Chairs, when logged in, may publish draft and final reports. Please see report requirements.
Dear members of the HTML Vocabulary Community Group,
We are pleased to invite you to our next meeting, scheduled for Wednesday, 11th December, from 19:00–21:00 CET (Central European Time, UTC+1)[13:00–15:00 EST].
Agenda:
Presentation of the Draft Report
We will present a draft report of the RDF-based HTML vocabulary, so that you are able to give feedback on the report. See for the current status the following link to the Github repository. Under the folder Specification, you will find not only the turtle serialization of the vocabulary but also a HTML file containing the current version of the draft report. The vocabulary itself is ready and functioning! This is demonstrated by two things:
(1) the use of the latest version of the HTML vocabulary within the Dutch ministry of Finance to generate the budget tables for the formal budget bills of law;
(2) the draft report that is generated by the HTML vocabulary itself, through the open source tool OntoReSpec.

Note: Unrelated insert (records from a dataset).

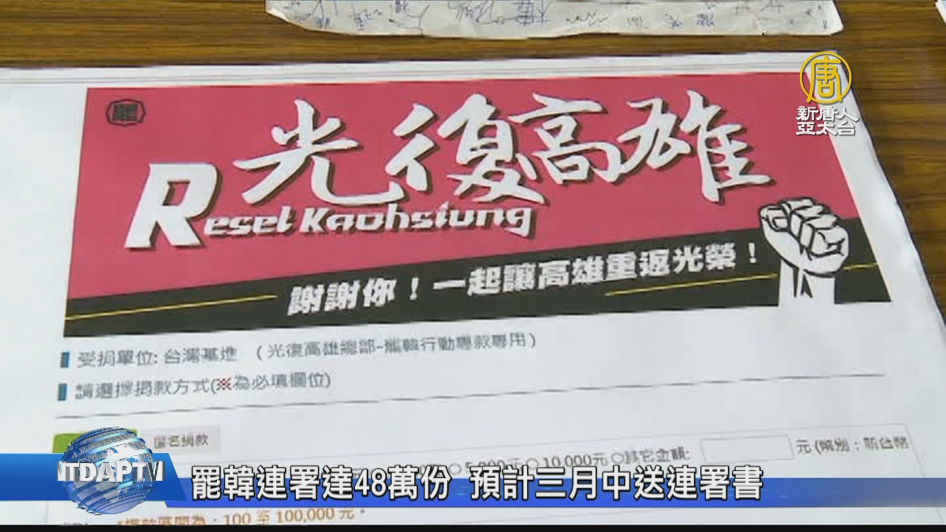 罷韓連署達48萬份 預計三月中送連署書
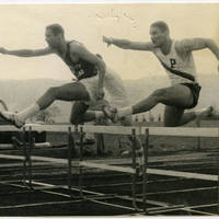 Photo of a hurdles race, with three runners visible. Two of the runners are from the University of Portland and Pacific University.
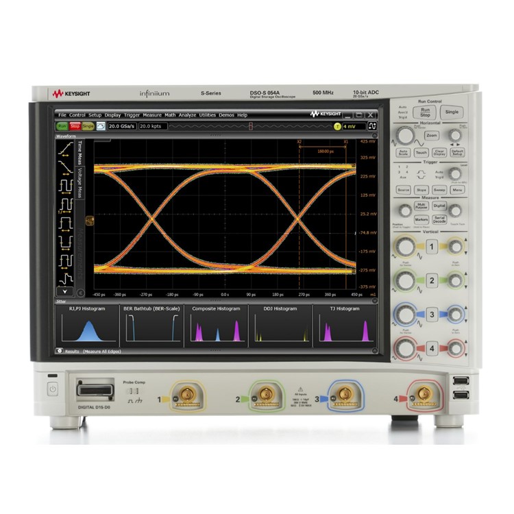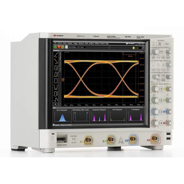 - DSOS054A S-시리즈 오실로스코프는 500MHz 메모리, 15" XGA 정전식 터치 스크린, 10비트 아날로그-디지털 컨버터를 장착하고 있습니다.
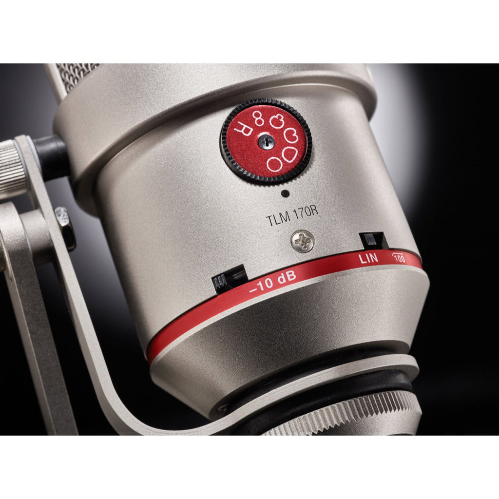The TLM 170 R condenser microphone is a large diaphragm microphone with multiple polar patterns. Its sound has a very transparent characteristic, in contrast to some of our other microphones that have a distinct personality.
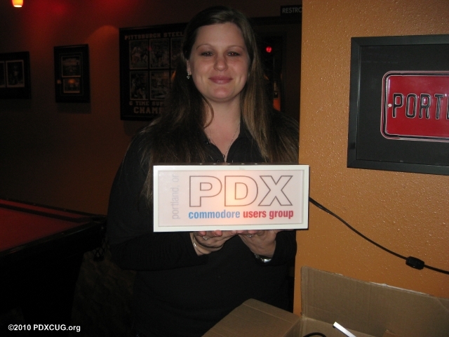 Long-standing member Kirsten showing off her membership status by holding our sign for her friends that don't believe her. FYI - she's been with us since the very first meeting!
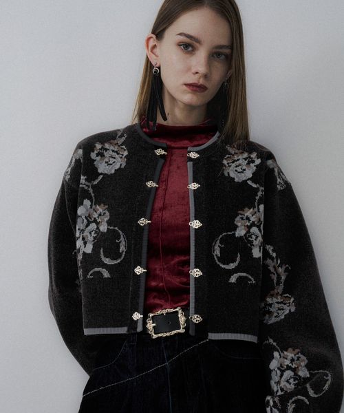 【WEB先行予約 LADIES】チャイナガラモールニットカーディガン
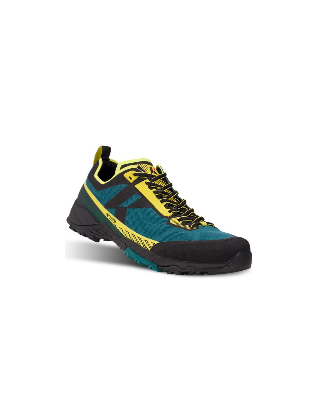 Das Oberteil verfügt über eine schützende Zehenkappe, die als Hindernisbarriere dient, während der dichte Stoff darauf ausgelegt ist, Risse und Abschürfungen zu verhindern. Für die Haltbarkeit wurden TPU-Oberflächen verwendet. Die Verstärkungen, die ebenfalls in den Schnürbereich integriert sind, beschleunigen das Verschließen und verhindern versehentliches Reißen des oberen Teils. Der Netzkragen und die Zunge sorgen für Atmungsaktivität. Die Vibram-Sohle® sorgt für Grip und Stabilität auch auf unebenen Oberflächen. Die Gore-Tex-Membran® hält den Fuß trocken.
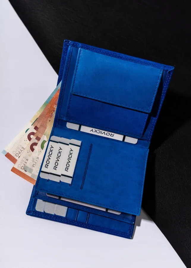 Portfel został starannie odszyty z wysokiej jakości skóry naturalnej. Elegancki kształt, który z pewnością sprosta oczekiwaniom zarówno miłośników klasyki, jak i nowoczesnych rozwiązań. Środek portfela zawiera liczne przegródki i kieszonki.
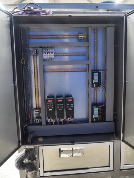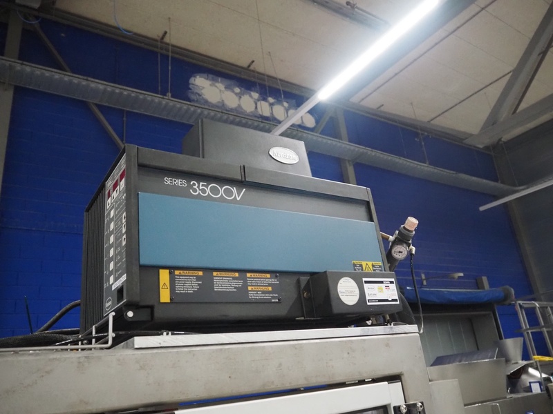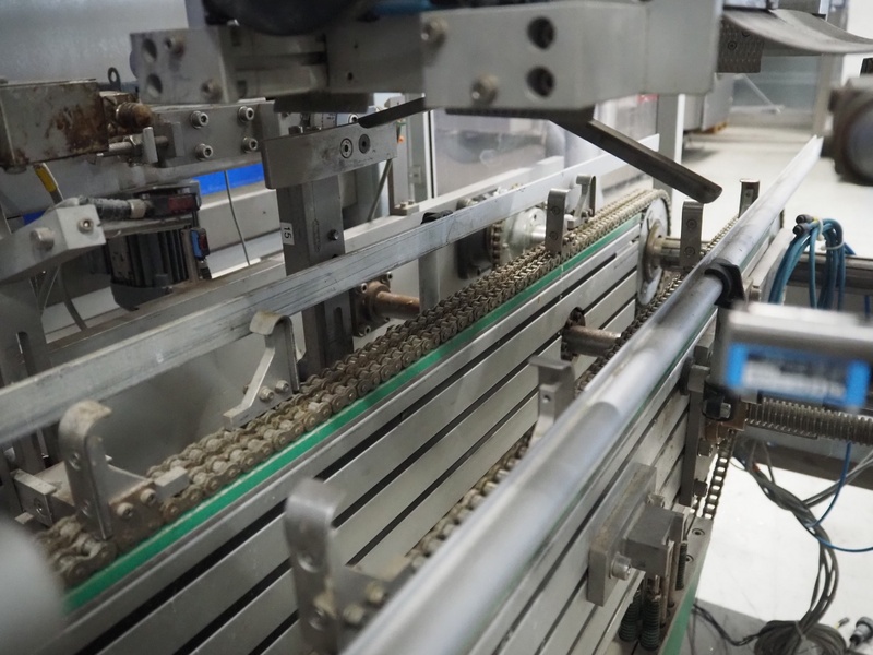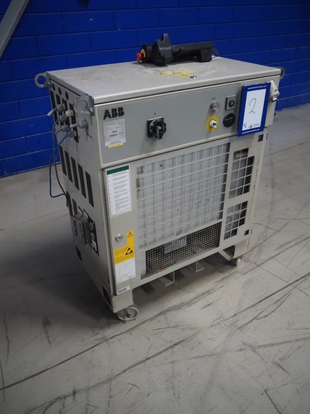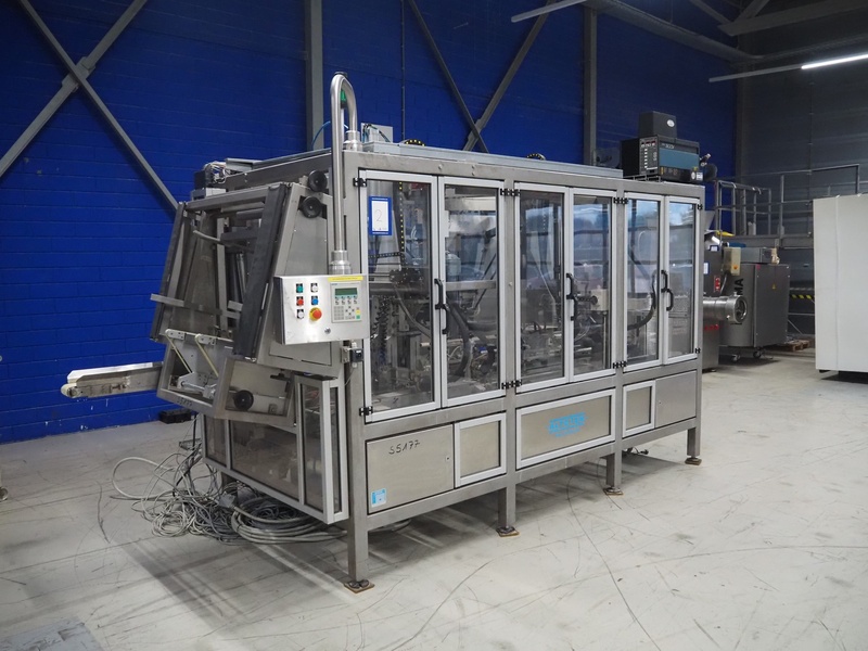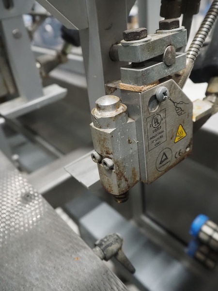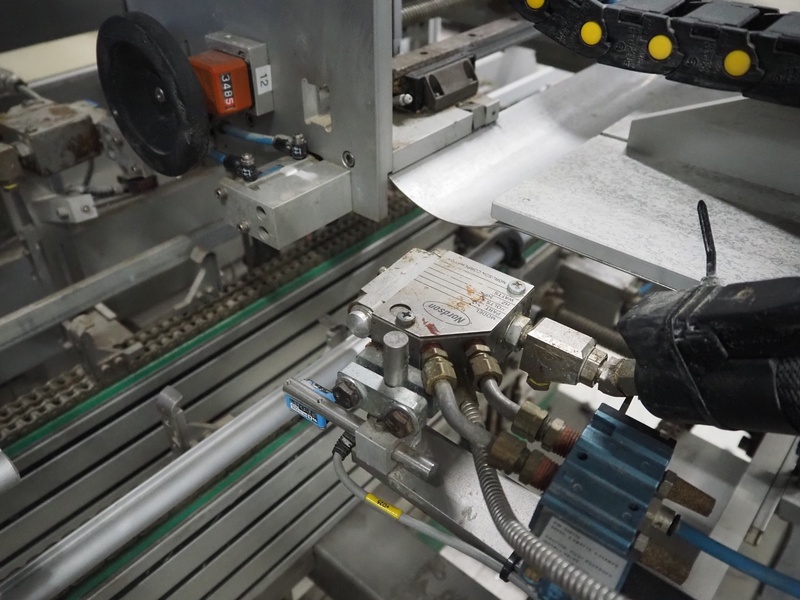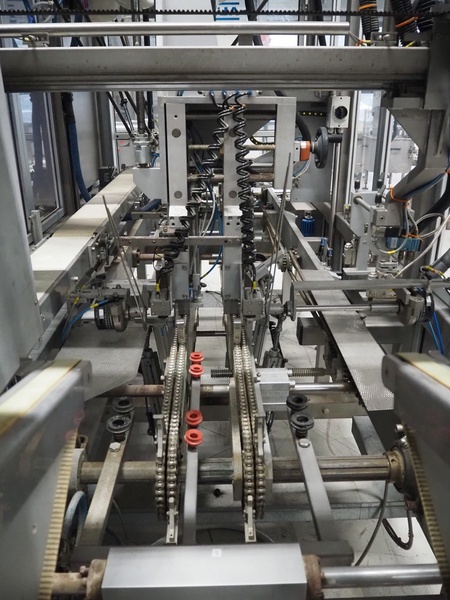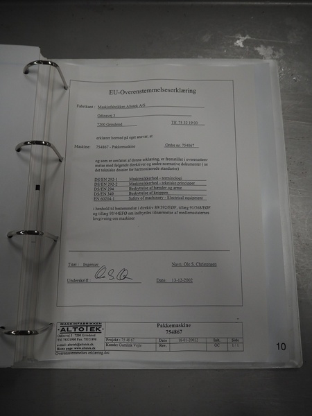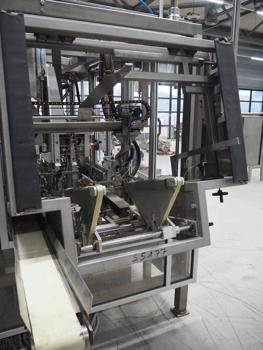 Altotek case erecting and filling machine with FlexPicker, machine number: 754867, year of construction: 31/01-2003, 400 V, 3 Ph, 50 Hz, 35 A, Nordson glue unit, minimum box sizes: 175 mm x 115 mm x 100 mm, maximum box sizes: 350 mm x 250 mm x 250 mm, s/s chain conveyor with dividers, belt width: 200 mm, distance between dividers: 350 mm, divider height: 50 mm, plastic belts, belt width: 130 mm, total dimensions: 4500 mm x 2000 mm x 2600 mm. With ABB control panel and cabinet for robot, type: IRB340 M2000, serial number: 34-20212, year of construction: 19-08-2002, dimensions: 900 mm x 550 mm x 1100 mm.
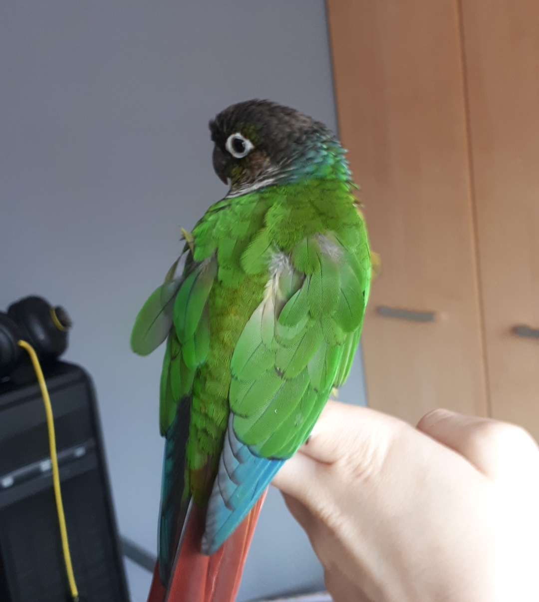 Hejka! Jak w tytule, mam problem z rudosterką :(( mianowicie od samego początku nie miała kilku lotek w prawym skrzydle, była młoda, pomyślałam- muszę poczekać, pewnie odrosną. Przy okazji podczas wizyty u weta spytałam o to, wet powiedział, że odrosną. Tymczasem mija 7 miesięcy, a tych lotek jak nie było tak i nie ma :((( dodatkowo ma takie powykrzywiane pióra we wszystkie strony świata, wykąpała się- zero reakcji, załączam zdjęcie. Pójść z tym do weta? Przypomina wam to coś?

Currently, we are still finishing some details of the draft report, like a diagram of the vocabulary and some paragraphs on the structure of the vocabulary, but most of the report is finished as well. Both the vocabulary and the report are open for your feedback though! Comments, criticisms and compliments are all welcome 🙂
Discussion on a Showcase Event
We will explore organizing a showcase event for a broader audience. This open-invite event aims to share the draft report and vocabulary, raising awareness of the existence of the vocabulary, its meaning and methodology. In addition, we aim to gather further valuable feedback.
How to proceed from here
We will also discuss how to proceed from this point. What do we still want and need to achieve as a community group? How can we start a formal W3C working group trajectory? Which open points of the vocabulary are there to address within the current community group and which ones in a W3C working group?
Questions and comments
Please mark your calendars! A separate calendar invite will be sent. We look forward to your participation and insights as we progress with this important work. Only with your presence we can take the next step in helping organisations and individuals to get a better grasp of their information products.
Best regards, Flores Bakker HTML Vocabulary Community Group Chair
Exciting news on our end: a first version of a draft report for the community group regarding the HTML vocabulary is available now through the Github. This specifies the HTML vocabulary in a readable format, using the ReSpec standard. Here one can see a preview of the draft report for the W3C community group:
In this document, one can read the specification of classes, properties, shapes and the like to get an understanding of the HTML vocabulary.
The document was actually generated using OntoReSpec, an open source tool based on semantic web technology. Here comes the twist: OntoReSpec uses the HTML vocabulary to generate the very HTML document we are looking at. The HTML vocabulary proves that it works by generating its own specification.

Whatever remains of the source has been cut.